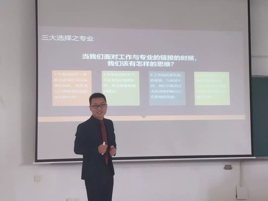第二次活动在4月27日于厚学401举办,建华建材集团的户国梁老师与同学们探讨了“找什么样的工作”、“去什么样的公司”等就业根本问题,并提出了自己独特的见解:“跟企业恋爱,跟事业结婚,但要在恋爱中找到适合你的婚姻。”
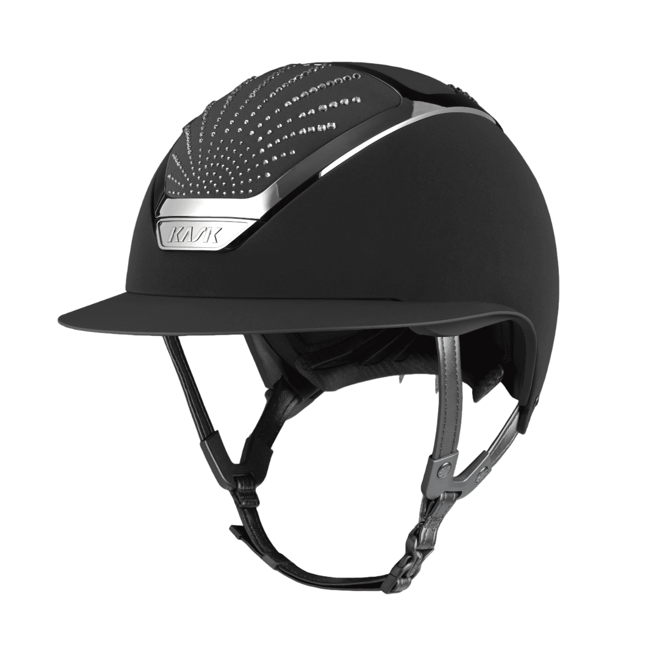 Casco equitazione Kask Star Lady Chrome appartenente alla collezione Anima II Chapter con cristalli Swarovski Graphite nella fantasia Origin.
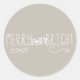 Pegatinas redondos con un fondo gris con un texto blanco que lee Merry y Bright. También tenemos las tarjetas de fotos Modern Merry y Bright para vacaciones, franqueo y etiquetas de dirección.
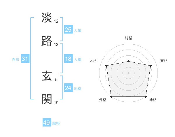 淡路 玄関さんの総格は49画の2点!

● WHAT TO DO
Take the line with "Casco equitazione Kask" and each line after it through the end of the material above, and reproduce them exactly, both ends included, without pictures.

● FINAL ANSWER
 Casco equitazione Kask Star Lady Chrome appartenente alla collezione Anima II Chapter con cristalli Swarovski Graphite nella fantasia Origin.
 Pegatinas redondos con un fondo gris con un texto blanco que lee Merry y Bright. También tenemos las tarjetas de fotos Modern Merry y Bright para vacaciones, franqueo y etiquetas de dirección.
 淡路 玄関さんの総格は49画の2点!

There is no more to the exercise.